The interconnectedness of healthcare systems and the potential impact of cyber threats have necessitated a more holistic approach where everyone in the organization should be required to understand cybersecurity and its impact on the entire organization. Traditionally viewed as the domain of IT professionals, a paradigm shift will occur to recognize cybersecurity as a shared responsibility across departments.

As this focus shifts, the importance of comprehensive cybersecurity preparedness becomes critical. For example, in conducting tabletop exercises (sessions where team members meet to discuss their roles and responses during an emergency), the focus will no longer be just on testing IT systems; organizations will conduct these exercises for all end-users. This inclusive approach ensures that everyone understands their role in maintaining cybersecurity resilience.

Growing adoption of multi-cloud architectures

Aligning with the broader themes of financial constraints and strategic decision-making, the overarching trend in the move away from traditional data centers will continue, with organizations seeking to optimize costs, performance and reliability in the cloud.

Similar to cybersecurity, the initial rush to adopt new technologies will give way to a more measured approach, with organizations increasingly re-evaluating their cloud spend. The focus will be on finding the right size and fit for workloads to achieve cost-effectiveness without compromising performance and reliability.

For example, migrating healthcare workloads to the cloud without a well-thought-out plan can lead to increased costs, especially if those workloads need to run continuously because of healthcare's 24/7 nature.

Achieving the right balance between public, private and multi-cloud approaches requires evaluating several factors, including performance, cost, regulatory compliance and security.

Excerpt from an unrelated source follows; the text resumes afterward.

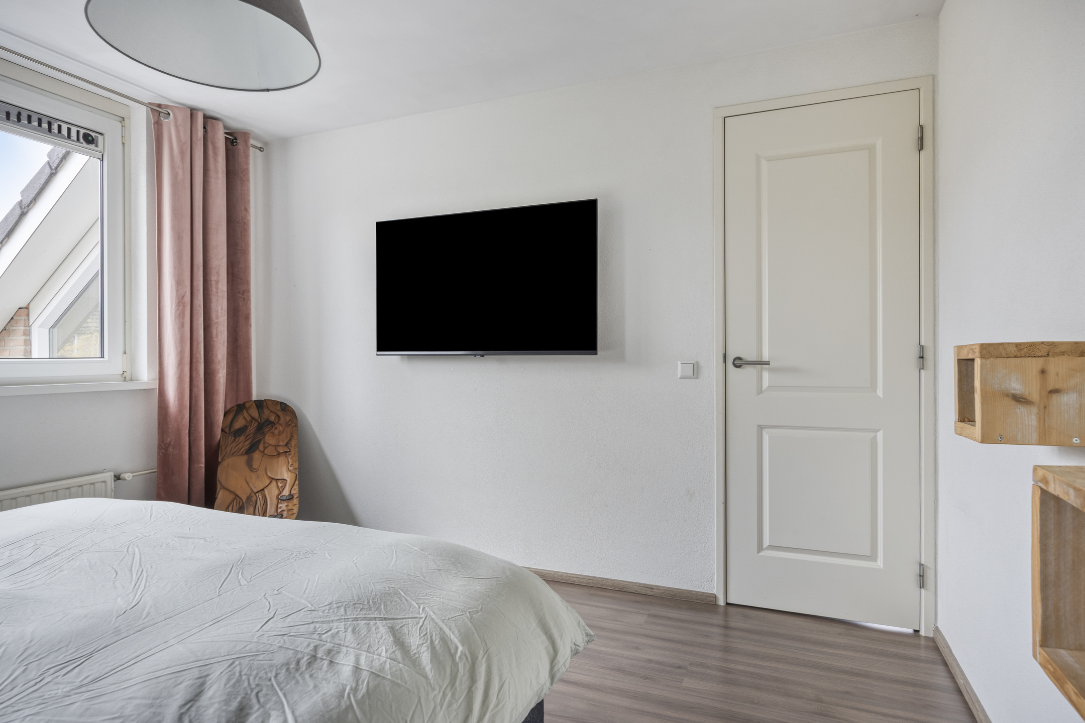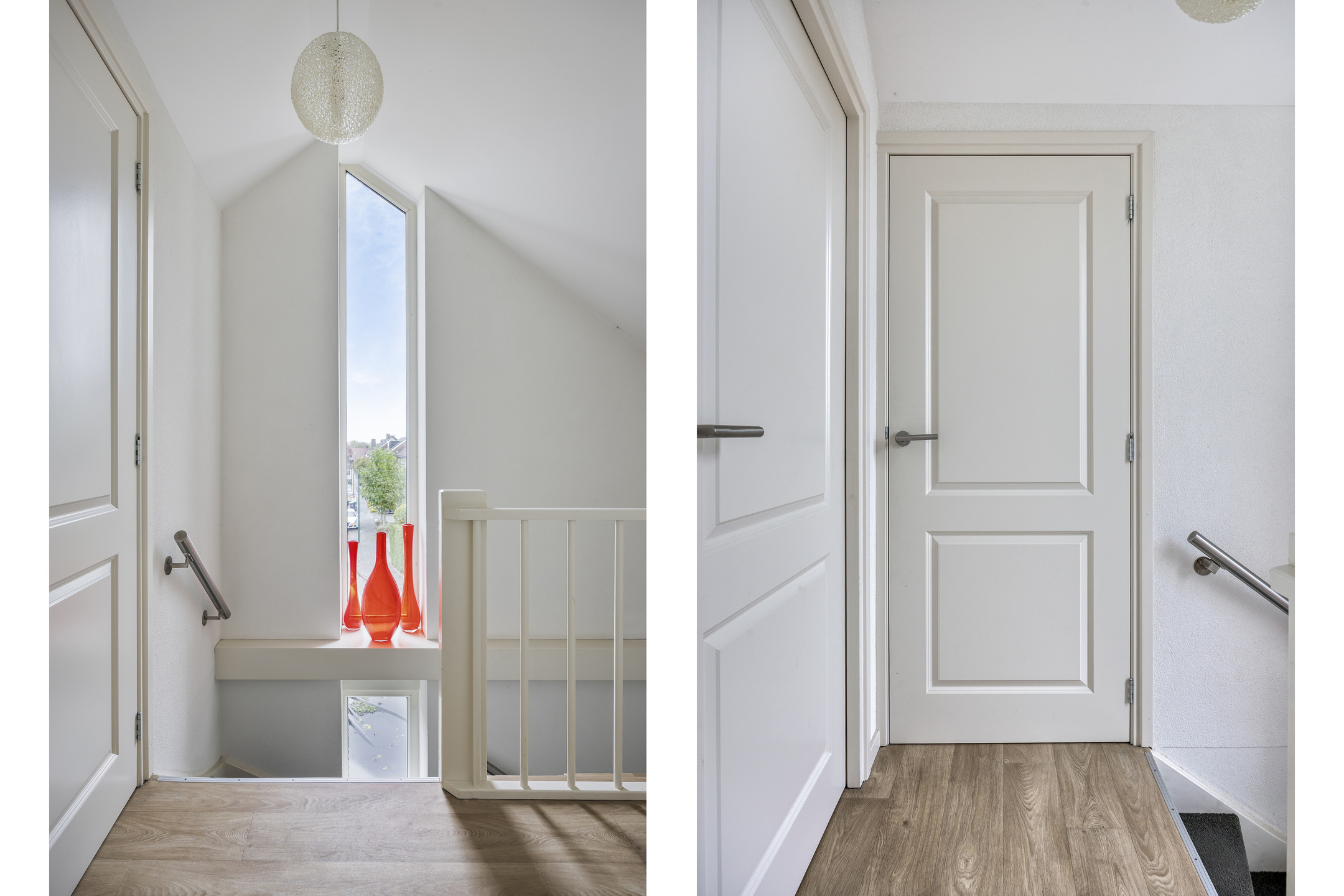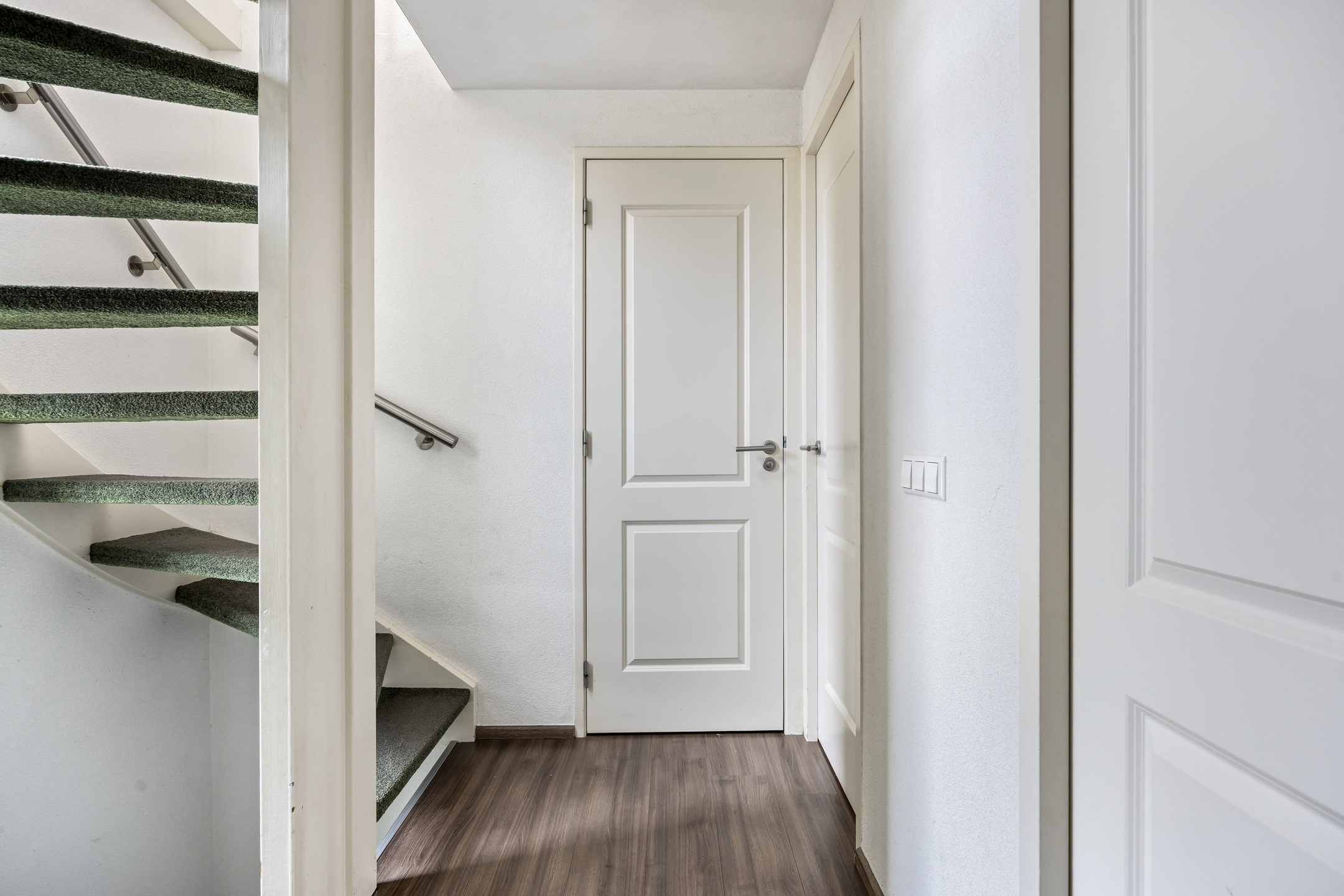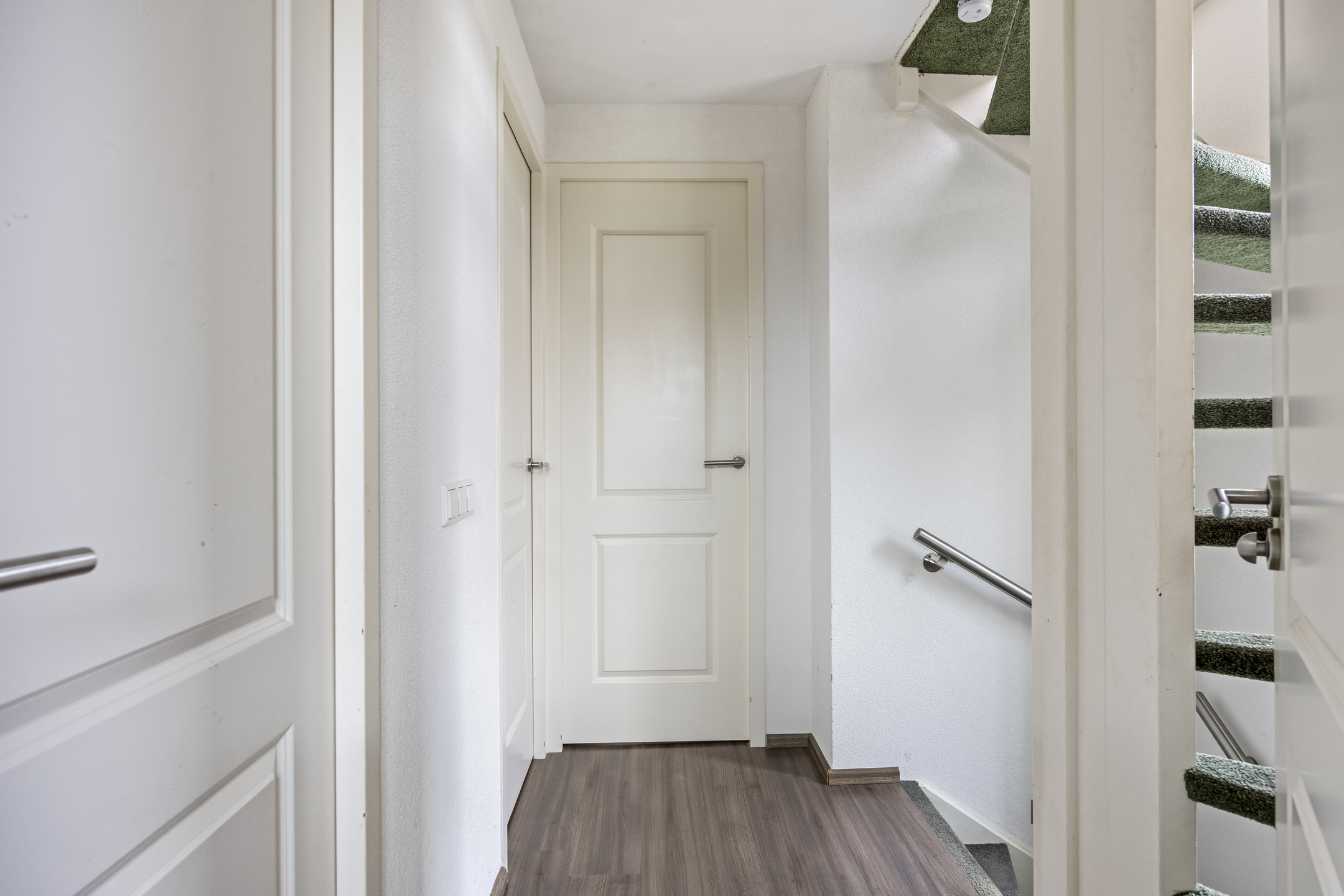 Overloop met toegang tot drie slaapkamers en de badkamer. De hoofdslaapkamer aan de achterzijde is voorzien van laminaatvloer, wanden met fijne korrel en schuurwerk plafonds. De tweede slaapkamer aan de achterzijde en de derde (voorzijde) zijn in dezelfde stijl afgewerkt.

Not all workloads are suitable for the cloud, especially when safety, regulatory or reliability issues are a concern. Placing the right workload in the right location is vital to maximizing cloud technology resources.

Recognizing that no single solution is ideal for every workload, many organizations will continue to realize that a multi-cloud strategy incorporating public, private and hybrid cloud elements is the best approach. This strategy offers enhanced flexibility and control over workload placement, enabling organizations to optimize each application's environment to match its unique requirements.

Erik Littlejohn is CEO of CloudWave.